[Extracted records]

§

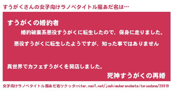 | ヘコむあだ名 | 『酢こんぶ』『すうがく(笑)』 |
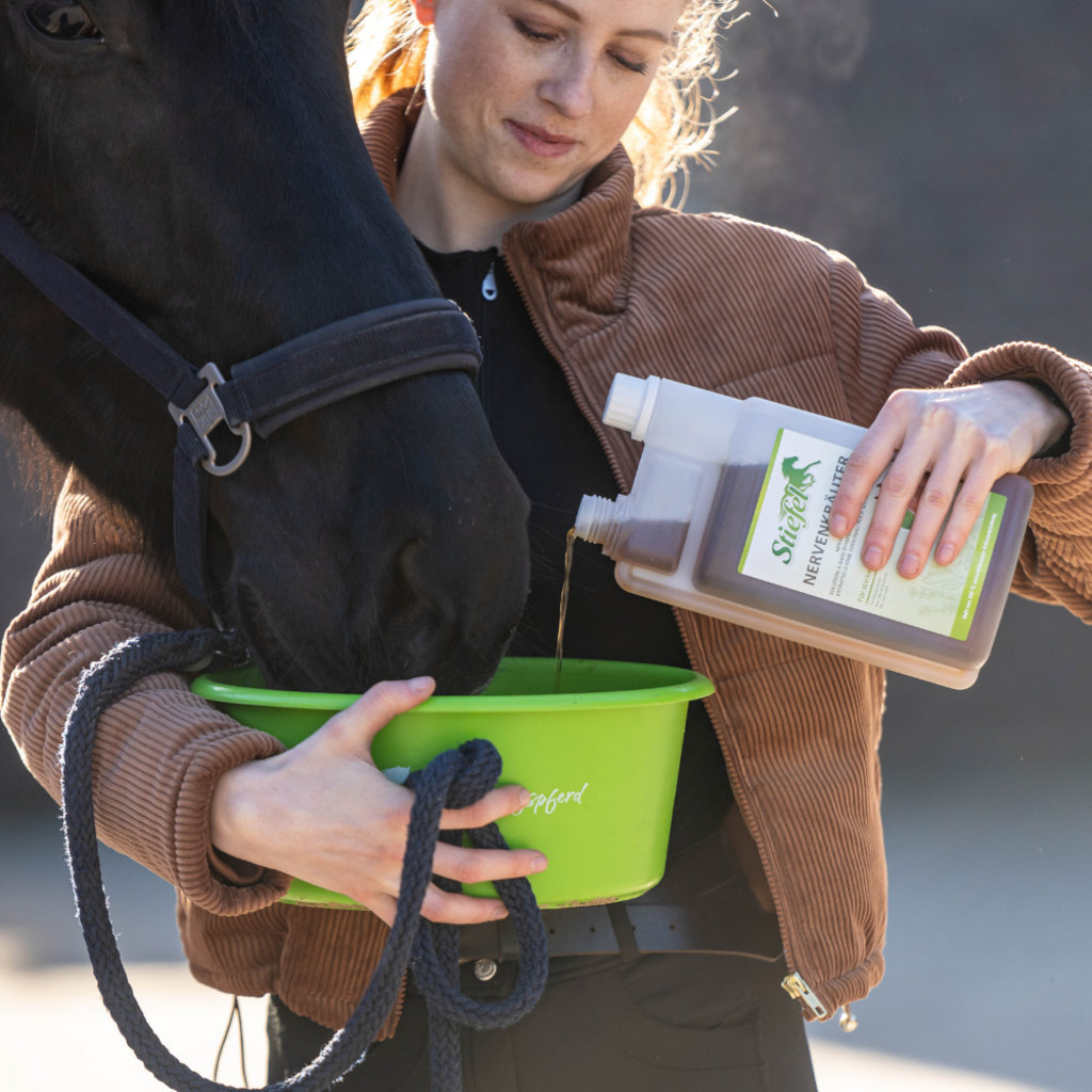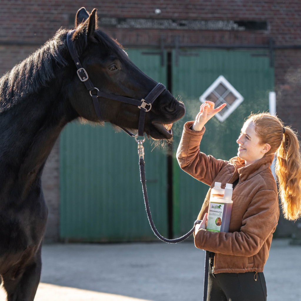 Stiefel Nervenkräutersaft ist ein Kräutersaft aus einer natürlichen Kräutermischung ohne künstliche Aromastoffe zur Fütterung in Belastungssituationen, bei Nervosität oder Gereiztheit. Die Kräuter können sich positiv auf das Nervenkostüm des Pferdes auswirken und so in aufregenden Situationen für mehr Ruhe und Gelassenheit sorgen.
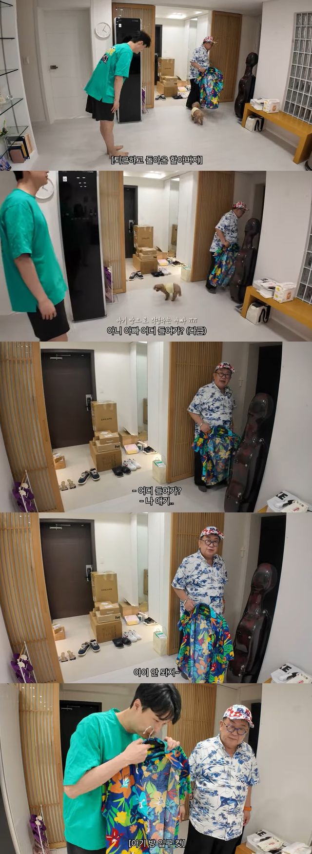 제지당한 이용식은 멋쩍은 얼굴로 거실에 들어왔고, 그의 손에 들려있던 셔츠 냄새를 맡은 사위 원혁은 "바쁜 하루를 보내셨군요"라며 너스레를 떨었다.
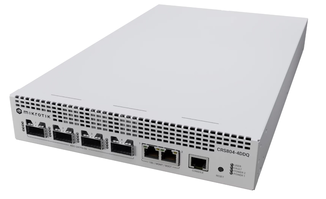 Компания MikroTik расширила ассортимент коммутаторов, анонсировав компактную модель CRS804 DDQ, ориентированную на сравнительно небольшие по масштабу инфраструктуры ИИ. Новинка выполнена в форм-факторе 1U половинной ширины, благодаря чему в серверной стойке бок о бок могут размещаться два устройства.
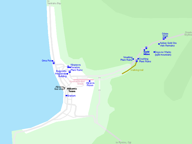 Some buses along the Main Line operate all the way from Ryotsu to the Sado Gold Mine (75 minutes, 860 yen one way, hourly on weekends, but less frequent on weekdays). The other buses go only as far as Aikawa (one hour, 860 yen, 1-2 buses per hour), from where the Gold Mine is a short taxi or additional bus ride (infrequent departures) or a 30-45 minute walk.
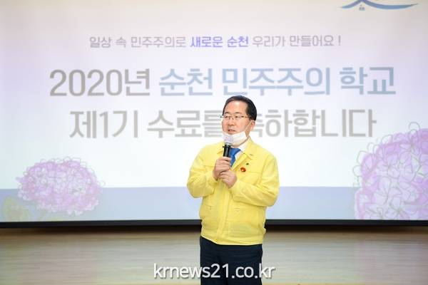 순천시(시장 허석)는 지난 7월 7일 수료생 40명이 참석한 가운데 올해 처음으로 운영한 2020년 제1기 순천 민주주의 학교가 민주주의 디딤돌 셀프 시상식과 함께 수료식을 가졌다.
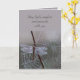 En Sympathie profonde avec belle libellule sur toile d'araignée couverte de rosée avec un verset chrétien encourageant et réconfortant
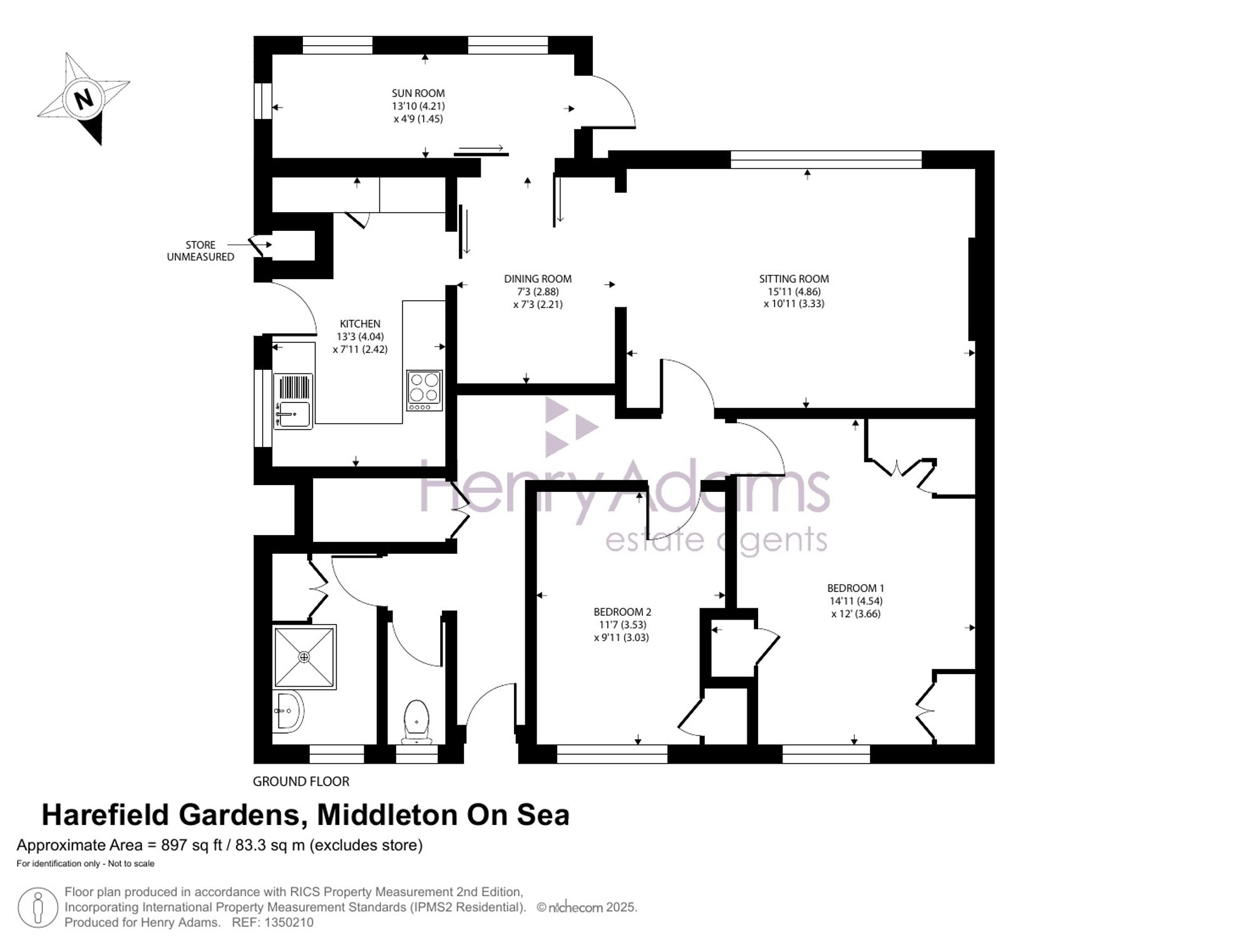 With its convenient ground floor position providing ease of access, this property boasts an impressive 897 sq ft of accommodation, briefly comprising two double bedrooms both with built-in storage, three separate reception areas - sitting room, dining room, and sun room, and all with a southerly aspect providing plenty of light. The kitchen and shower room complete the accommodation.
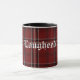 Great looking Scottish clan mug done in the classic dark red, black, and white Lougheed plaid pattern.  Old world style text in white reads Lougheed and is customisable to read what you want.
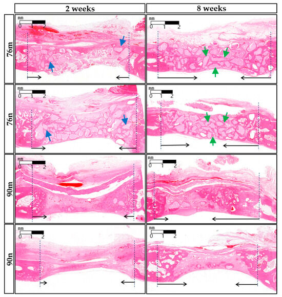 Representative histological images of each experimental groups after 2 or 8 weeks. (HE stain, bar = 1 mm) At 2 weeks, the new bone formation was observed around the grafted particles in the adjacent margin of the defect (blue arrows). At 8 weeks, however, new bone was observed not only growing from the marginal area but also around the centrally located remaining particles (green arrows). The border of the defect is indicated by black dotted lines, and the direction of new bone formation is indicated by black arrows.
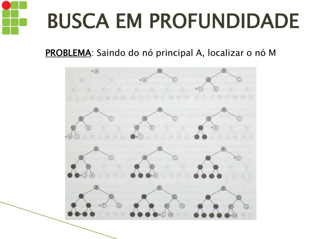 BUSCA EM PROFUNDIDADE PROBLEMA: Saindo do nó principal A, localizar o nó M

§

• _Exercise prompt_
Reproduce the data above without a single change, please, but without its pictures.

• _Result of this exercise_
 | ヘコむあだ名 | 『酢こんぶ』『すうがく(笑)』 |
 Stiefel Nervenkräutersaft ist ein Kräutersaft aus einer natürlichen Kräutermischung ohne künstliche Aromastoffe zur Fütterung in Belastungssituationen, bei Nervosität oder Gereiztheit. Die Kräuter können sich positiv auf das Nervenkostüm des Pferdes auswirken und so in aufregenden Situationen für mehr Ruhe und Gelassenheit sorgen.
 제지당한 이용식은 멋쩍은 얼굴로 거실에 들어왔고, 그의 손에 들려있던 셔츠 냄새를 맡은 사위 원혁은 "바쁜 하루를 보내셨군요"라며 너스레를 떨었다.
 Компания MikroTik расширила ассортимент коммутаторов, анонсировав компактную модель CRS804 DDQ, ориентированную на сравнительно небольшие по масштабу инфраструктуры ИИ. Новинка выполнена в форм-факторе 1U половинной ширины, благодаря чему в серверной стойке бок о бок могут размещаться два устройства.
 Some buses along the Main Line operate all the way from Ryotsu to the Sado Gold Mine (75 minutes, 860 yen one way, hourly on weekends, but less frequent on weekdays). The other buses go only as far as Aikawa (one hour, 860 yen, 1-2 buses per hour), from where the Gold Mine is a short taxi or additional bus ride (infrequent departures) or a 30-45 minute walk.
 순천시(시장 허석)는 지난 7월 7일 수료생 40명이 참석한 가운데 올해 처음으로 운영한 2020년 제1기 순천 민주주의 학교가 민주주의 디딤돌 셀프 시상식과 함께 수료식을 가졌다.
 En Sympathie profonde avec belle libellule sur toile d'araignée couverte de rosée avec un verset chrétien encourageant et réconfortant
 With its convenient ground floor position providing ease of access, this property boasts an impressive 897 sq ft of accommodation, briefly comprising two double bedrooms both with built-in storage, three separate reception areas - sitting room, dining room, and sun room, and all with a southerly aspect providing plenty of light. The kitchen and shower room complete the accommodation.
 Great looking Scottish clan mug done in the classic dark red, black, and white Lougheed plaid pattern.  Old world style text in white reads Lougheed and is customisable to read what you want.
 Representative histological images of each experimental groups after 2 or 8 weeks. (HE stain, bar = 1 mm) At 2 weeks, the new bone formation was observed around the grafted particles in the adjacent margin of the defect (blue arrows). At 8 weeks, however, new bone was observed not only growing from the marginal area but also around the centrally located remaining particles (green arrows). The border of the defect is indicated by black dotted lines, and the direction of new bone formation is indicated by black arrows.
 BUSCA EM PROFUNDIDADE PROBLEMA: Saindo do nó principal A, localizar o nó M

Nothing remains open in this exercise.